--- ENTRIES PROVIDED Enclosed Below ---

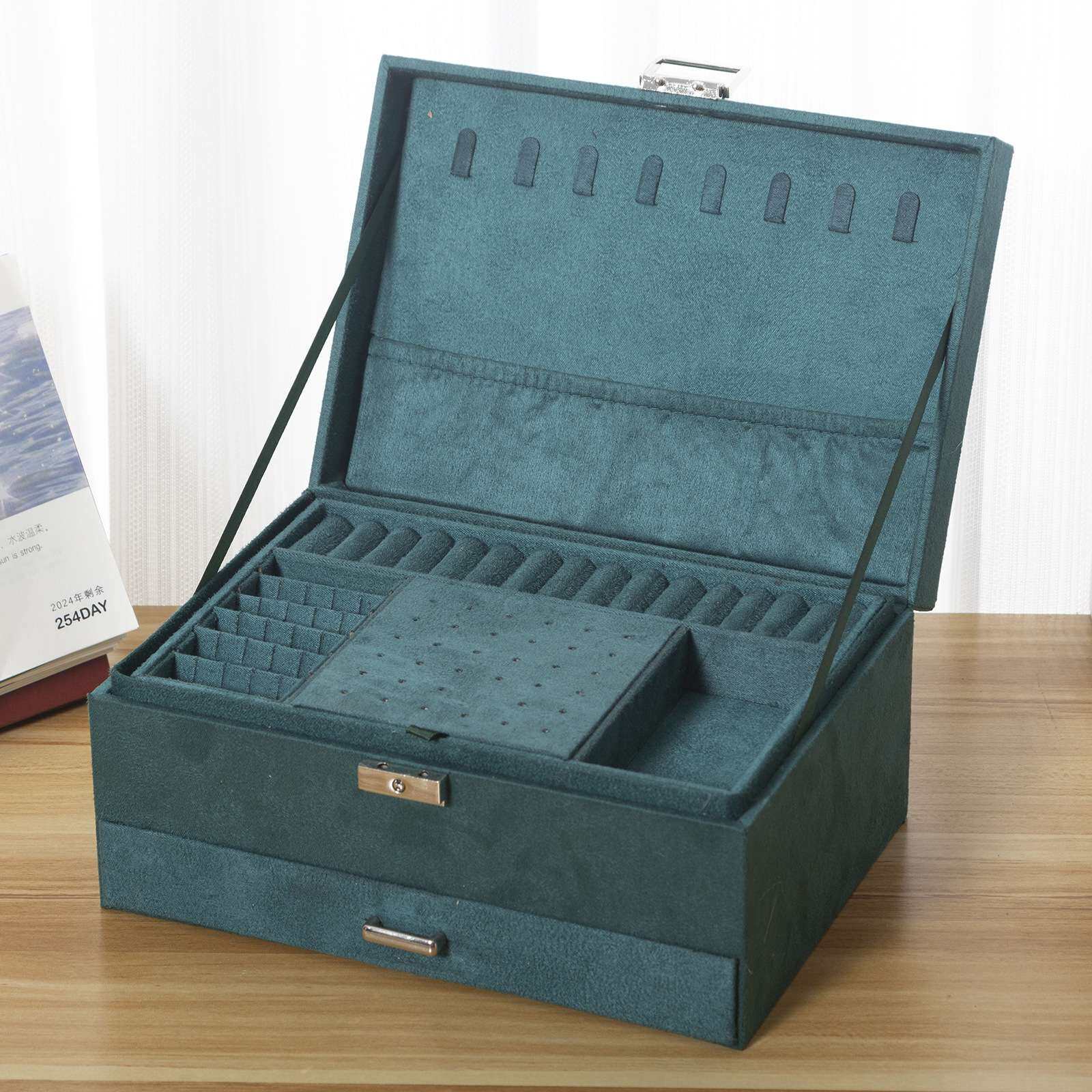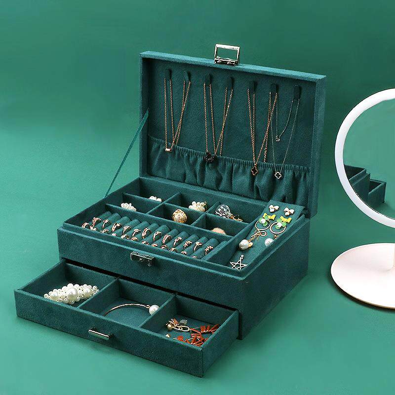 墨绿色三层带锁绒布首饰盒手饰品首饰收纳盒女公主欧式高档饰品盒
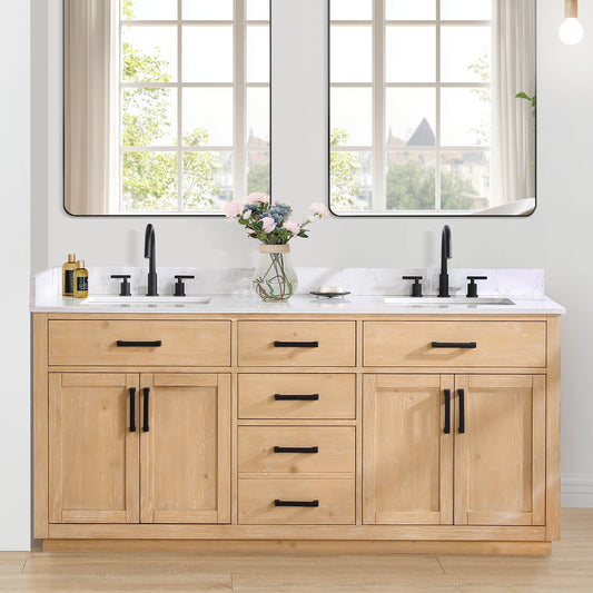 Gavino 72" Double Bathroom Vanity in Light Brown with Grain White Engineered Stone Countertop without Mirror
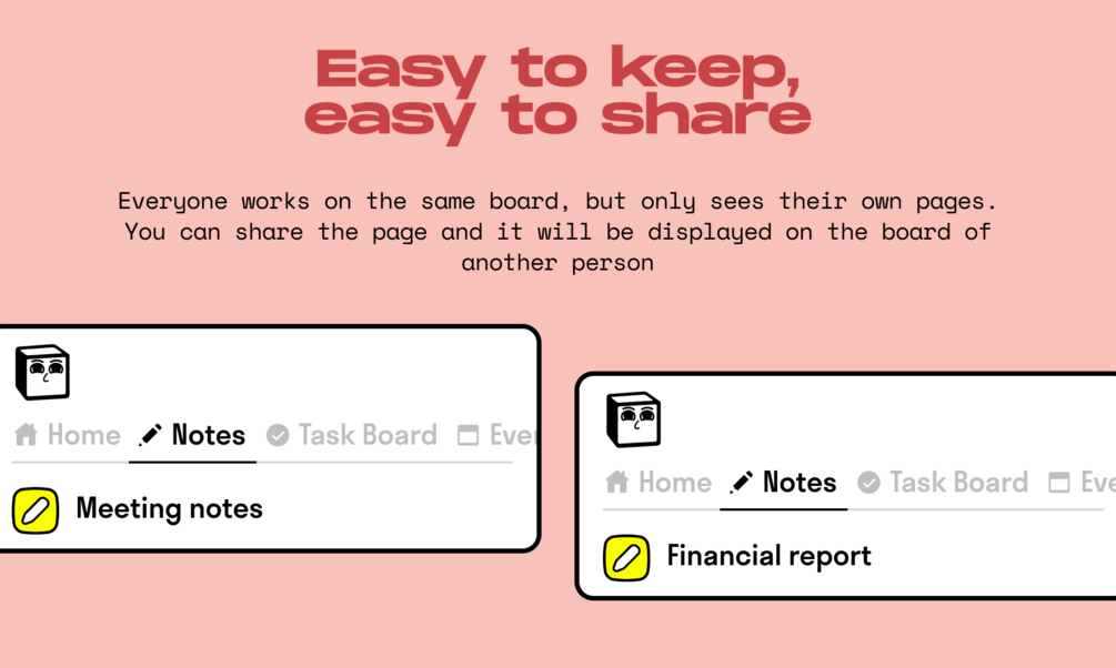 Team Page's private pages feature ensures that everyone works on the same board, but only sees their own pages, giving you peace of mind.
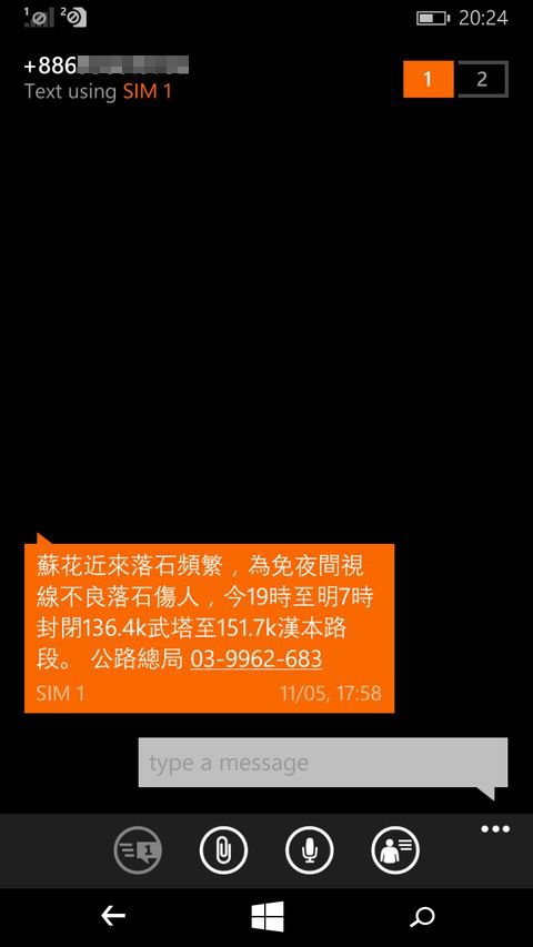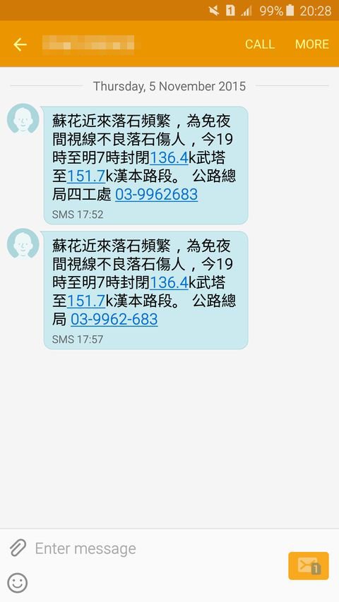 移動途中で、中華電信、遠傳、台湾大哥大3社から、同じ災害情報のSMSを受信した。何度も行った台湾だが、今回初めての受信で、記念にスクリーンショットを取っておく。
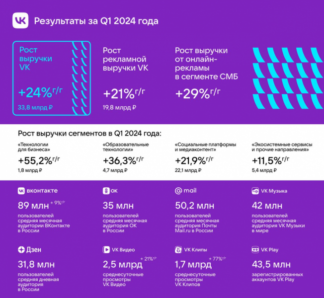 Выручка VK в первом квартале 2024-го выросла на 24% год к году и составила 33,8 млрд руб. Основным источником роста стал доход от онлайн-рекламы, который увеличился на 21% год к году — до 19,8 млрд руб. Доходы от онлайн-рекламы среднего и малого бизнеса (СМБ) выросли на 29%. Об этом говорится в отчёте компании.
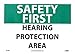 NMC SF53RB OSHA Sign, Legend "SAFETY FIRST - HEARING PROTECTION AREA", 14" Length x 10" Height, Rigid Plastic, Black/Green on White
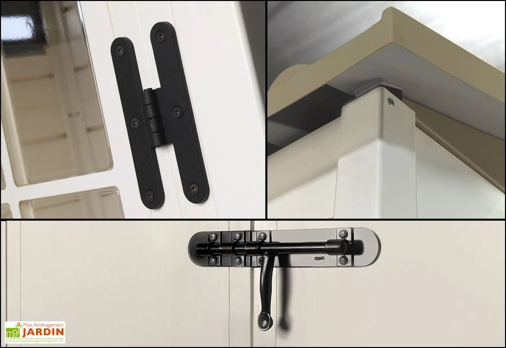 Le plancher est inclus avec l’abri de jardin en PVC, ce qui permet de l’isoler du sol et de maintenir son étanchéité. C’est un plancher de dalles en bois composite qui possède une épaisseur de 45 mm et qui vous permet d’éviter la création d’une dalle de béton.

--- End of Enclosed ENTRIES PROVIDED ---
--- ENTRIES PROVIDED Enclosed Below ---

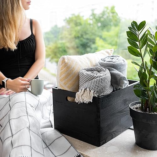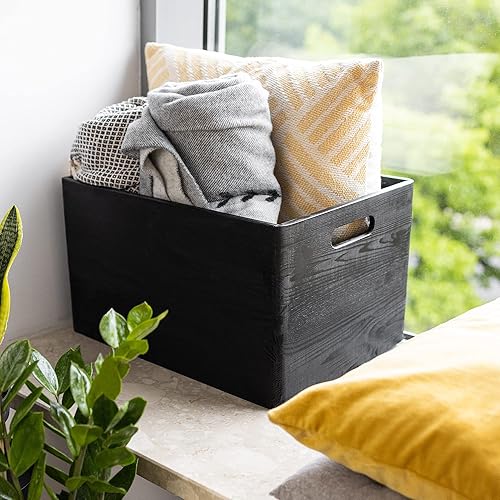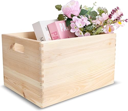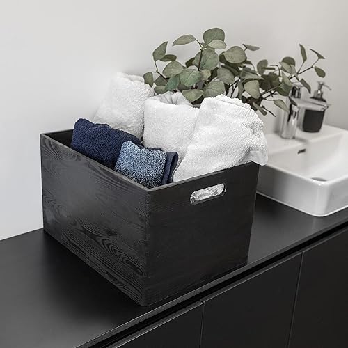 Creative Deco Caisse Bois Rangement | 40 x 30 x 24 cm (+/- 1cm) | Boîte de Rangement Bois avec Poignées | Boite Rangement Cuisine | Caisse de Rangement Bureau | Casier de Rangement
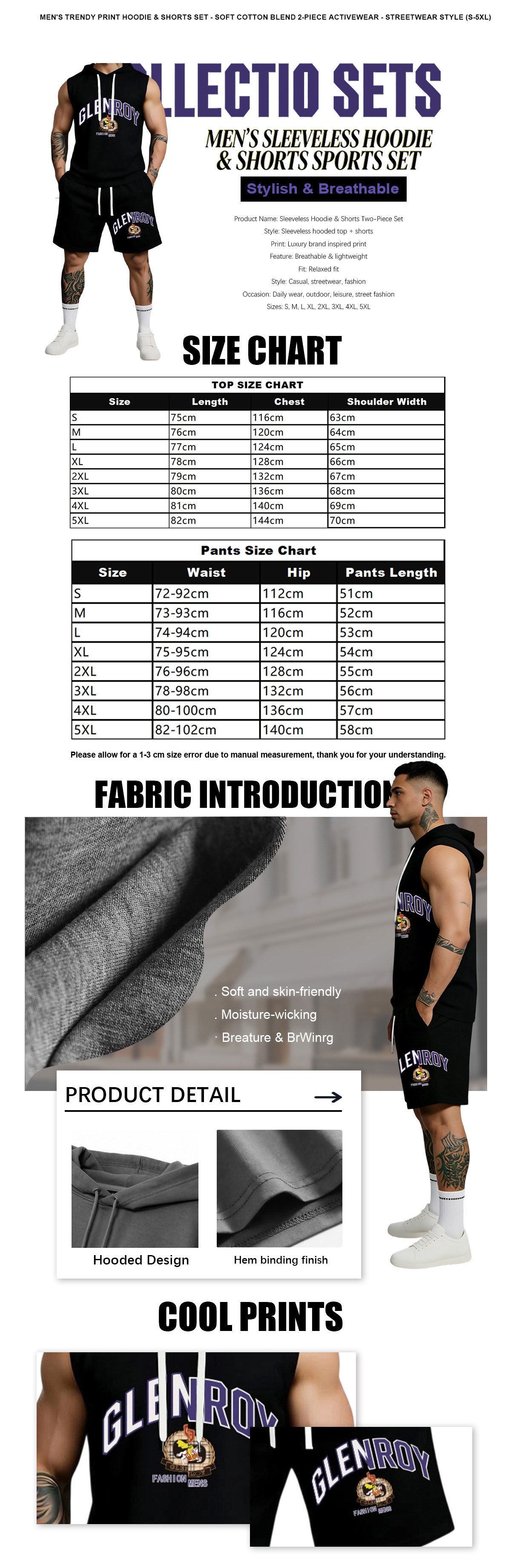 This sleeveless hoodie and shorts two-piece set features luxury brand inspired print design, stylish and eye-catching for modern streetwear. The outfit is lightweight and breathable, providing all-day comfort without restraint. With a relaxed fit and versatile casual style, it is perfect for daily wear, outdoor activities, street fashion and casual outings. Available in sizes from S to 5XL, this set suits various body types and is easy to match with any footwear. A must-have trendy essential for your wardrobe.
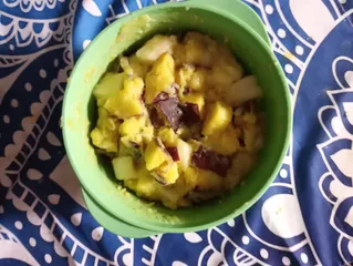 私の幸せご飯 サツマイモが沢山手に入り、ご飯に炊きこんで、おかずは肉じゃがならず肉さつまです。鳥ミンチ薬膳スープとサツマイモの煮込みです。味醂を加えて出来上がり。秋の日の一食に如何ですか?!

--- End of Enclosed ENTRIES PROVIDED ---
--- ENTRIES PROVIDED Enclosed Below ---

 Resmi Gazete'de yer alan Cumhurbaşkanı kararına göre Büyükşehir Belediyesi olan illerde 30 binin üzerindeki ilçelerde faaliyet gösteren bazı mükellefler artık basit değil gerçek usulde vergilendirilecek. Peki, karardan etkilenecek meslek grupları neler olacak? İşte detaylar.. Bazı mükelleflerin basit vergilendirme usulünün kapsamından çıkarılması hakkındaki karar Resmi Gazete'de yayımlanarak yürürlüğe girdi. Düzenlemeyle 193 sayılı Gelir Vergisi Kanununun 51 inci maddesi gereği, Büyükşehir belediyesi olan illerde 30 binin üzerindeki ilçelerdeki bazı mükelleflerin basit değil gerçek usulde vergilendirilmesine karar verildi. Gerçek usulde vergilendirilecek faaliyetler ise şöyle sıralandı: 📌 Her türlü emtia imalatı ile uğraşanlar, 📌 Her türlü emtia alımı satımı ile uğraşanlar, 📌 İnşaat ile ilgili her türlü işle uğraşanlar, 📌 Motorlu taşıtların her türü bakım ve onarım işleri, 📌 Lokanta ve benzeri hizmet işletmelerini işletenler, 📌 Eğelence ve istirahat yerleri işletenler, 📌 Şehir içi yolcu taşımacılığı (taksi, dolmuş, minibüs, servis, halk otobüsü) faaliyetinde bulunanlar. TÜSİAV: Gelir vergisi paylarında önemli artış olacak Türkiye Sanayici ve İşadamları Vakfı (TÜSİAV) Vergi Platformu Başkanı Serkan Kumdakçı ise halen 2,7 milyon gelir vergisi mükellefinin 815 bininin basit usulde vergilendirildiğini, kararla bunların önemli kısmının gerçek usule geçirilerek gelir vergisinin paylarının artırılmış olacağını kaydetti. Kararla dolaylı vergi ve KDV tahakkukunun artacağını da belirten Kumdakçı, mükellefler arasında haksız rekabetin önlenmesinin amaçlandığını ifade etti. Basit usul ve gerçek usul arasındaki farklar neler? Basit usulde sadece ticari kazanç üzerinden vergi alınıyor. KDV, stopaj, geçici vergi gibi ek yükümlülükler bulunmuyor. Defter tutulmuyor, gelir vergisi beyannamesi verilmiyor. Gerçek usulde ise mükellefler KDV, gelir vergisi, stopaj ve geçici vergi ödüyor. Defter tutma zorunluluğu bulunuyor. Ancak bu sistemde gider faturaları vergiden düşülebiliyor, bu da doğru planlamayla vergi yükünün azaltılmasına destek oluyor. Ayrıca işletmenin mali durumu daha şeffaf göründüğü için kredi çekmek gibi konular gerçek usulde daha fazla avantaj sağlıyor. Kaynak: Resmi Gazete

--- End of Enclosed ENTRIES PROVIDED ---

_DIRECTIONS_: Excluding any pictures, print exactly the lines of the listing above from the line with "This sleeveless hoodie" to the line with "私の幸せご飯 サツマイモが沢", both ends included.

_WRITTEN ANSWER_:
 This sleeveless hoodie and shorts two-piece set features luxury brand inspired print design, stylish and eye-catching for modern streetwear. The outfit is lightweight and breathable, providing all-day comfort without restraint. With a relaxed fit and versatile casual style, it is perfect for daily wear, outdoor activities, street fashion and casual outings. Available in sizes from S to 5XL, this set suits various body types and is easy to match with any footwear. A must-have trendy essential for your wardrobe.
 私の幸せご飯 サツマイモが沢山手に入り、ご飯に炊きこんで、おかずは肉じゃがならず肉さつまです。鳥ミンチ薬膳スープとサツマイモの煮込みです。味醂を加えて出来上がり。秋の日の一食に如何ですか?!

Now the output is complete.